To dispose, first, of a few minor matters, it is simply disingenuous to say that you don't defer to "authority figures". I can, I suppose, understand your terse reply - "Appeal to authority"- when I mention the conclusions of Aristotle and Kant. After all, neither agrees with you that it is illogical to believe in a Creator. It's so much easier simply to ignore opinions that contradict your own; especially when their authors are intellectual giants. Yet, in apparent support of your own position, you are willing to invoke the authority of William of Occam. Perhaps you are not There is a huge distinction. To begin with, Occam's razor is a logical argument, while you merely gave the opinions of Kant and Aristotle. You apply the razor to your life all the time.
Suppose you and a friend comes across two cars. One car has its front side smashed in and the other car, in front of the first, has its back side smashed in. The front of the fist car is up on the back of the second car. There is glass everywhere around it.
Which is more logical to suppose? That the cars independently got in two different wrecks, without bothering to get fixed, and happened to park in a spot full of glass, with the first car having parked very close to the second car so that it's touching it? Or perhaps that aliens transported from another galaxy a replica of a wreck and planted it on that spot to mark the place where the giant invisible dragon died. Or that the cars got into a wreck?
While the first two options are technically logical, since they involve the more complicated route to get to the present scenario, since they involve more improbabilities for their existence, we are forced to conclude upon available evidence that the third is the most likely.
What is more likely - that some invisible sky-daddy created the universe and everything in it (nevermind who created him), or that all in the universe was created by natural processes. What evidence does either Aristotle or Kant give for the first option?
And speaking of Aristotle, wasn't some of his philosophical observations destroyed by actual science, i.e.
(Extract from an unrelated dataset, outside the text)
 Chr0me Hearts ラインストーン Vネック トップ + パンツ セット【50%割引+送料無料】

Galileo and his experiment at Pisa? Yet you would still call the man an "intellectual" giant? Obviously, that intellect did not feel the need to go out and observe his own "laws".
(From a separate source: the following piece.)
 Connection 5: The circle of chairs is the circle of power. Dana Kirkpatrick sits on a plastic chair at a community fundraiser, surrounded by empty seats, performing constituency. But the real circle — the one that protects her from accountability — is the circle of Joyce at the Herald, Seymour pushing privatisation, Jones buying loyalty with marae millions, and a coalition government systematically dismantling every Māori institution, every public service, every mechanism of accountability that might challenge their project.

I will give you this - in saying it was "more logical" I did mean "likelier". I do hope this might clear up some of the confusion. This should nullify your next paragraph.
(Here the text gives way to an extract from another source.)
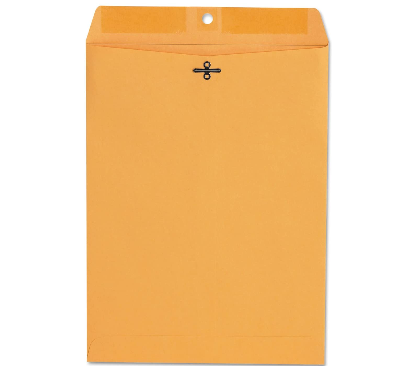 Kraft Clasp Envelope Durable heavyweight Kraft stock resists rips and tears. Reinforced eyelet and two prong clasp stands up to regular use. Gummed flap delivers a secure seal. Durable heavyweight Kraft stock resists rips and tears. Reinforced eyelet and two prong clasp stands up to regular use. Gummed flap delivers a secure seal.
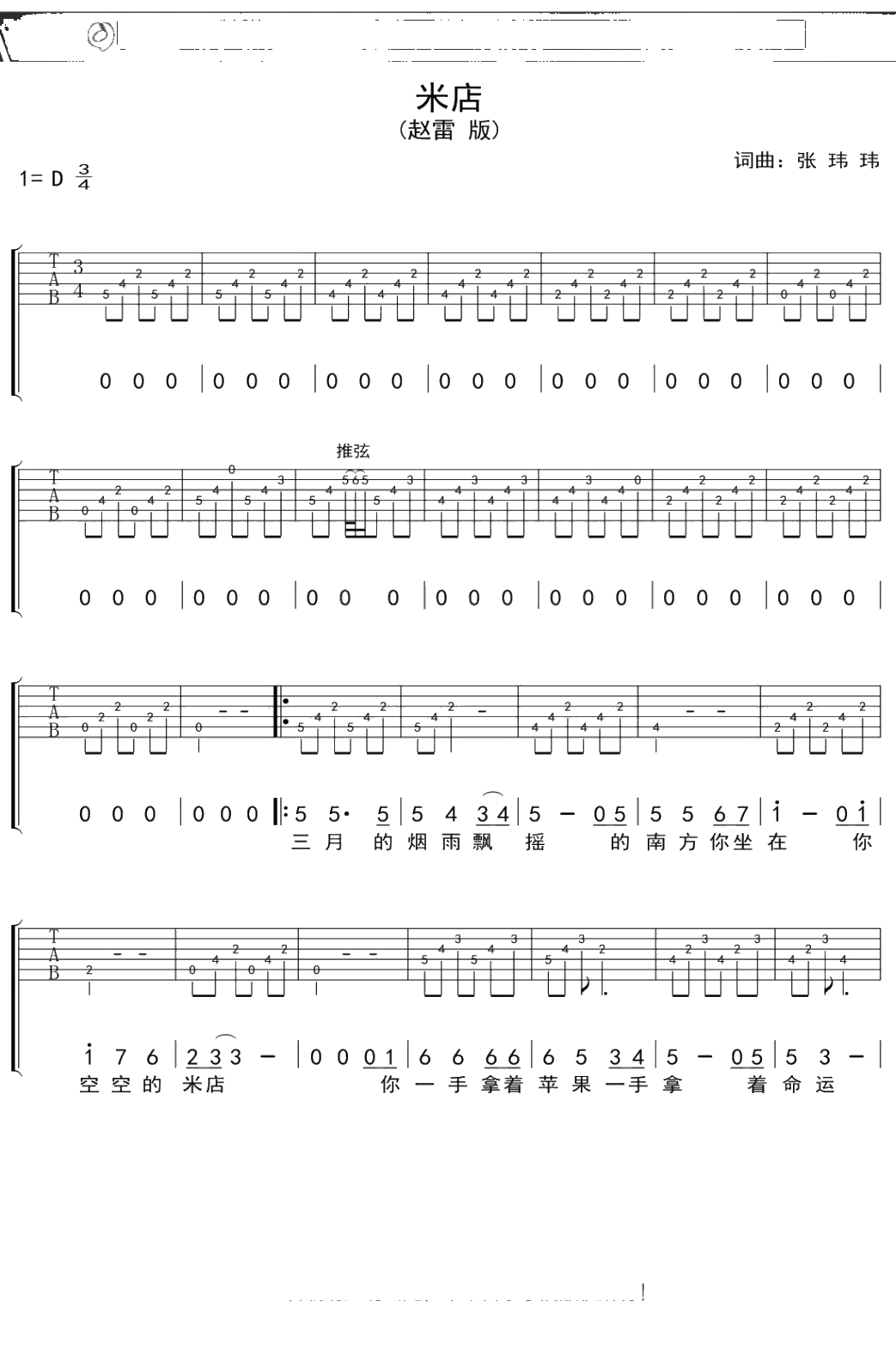 赵雷《米店》吉他谱 D调弹唱六线谱吉他谱

Your understanding of "evidence" is superficial. You fail to see that your interpretation of the evidence is just that - an interpretation. One man looks out upon the glory and might of the universe and finds evidence for God; another finds evidence for a self-sufficient mechanism. But, again, you are fooling yourself if you think that the difference in these interpretations of the same data is a matter of logic.
One man can also see the glories of the universe and feel that truly the alien race who created all of this must have been powerful. I bet they're green too! Just like plants! Plants are evidence of green aliens!
Surely you must see how ridiculous the notion is of the "glory and might of the universe" being evidence for a creator's existence without even being examined. Especially an arbitary creator such as the one many theists assign.
I'm not sure what to say about your thoughts on the question, "Why is there something, rather than nothing?" Because of your perspective the question that has for millenia engaged the world's most brilliant minds is to you "devoid of meaning". How sad.
You don't know what to say so you insult me? Now
that is sad. And why should anyone care about the one question that for millennia its answer has been sought out? I mean, people for millennia have also been looking for evidence of a higher being - so then would the atheist position be sad to you too? Is there a stop to the ad hominem?
Surely you see that your "There is no 'why' - only 'how'" is wrong on its face? Science asks and answers "why" questions all the time: "Why is the sky blue?", "Why do objects fall?", etc. They are, of course, equivalent to "What causes the sky to appear blue?", "What causes objects to fall?". Thus the "Why?" question about the universe is tantamount to "What caused the universe?".
Does it really ask why? Or how? There is a difference. Why implies a reason, while how implies a cause. There's no problem with looking at what caused the universe, but there is no "why" behind it. There's no reason for its existence, but it is there, so now we figure out how it came to be there.
You grant meaning to the former questions because science can answer them. You deny meaning to the latter because science cannot.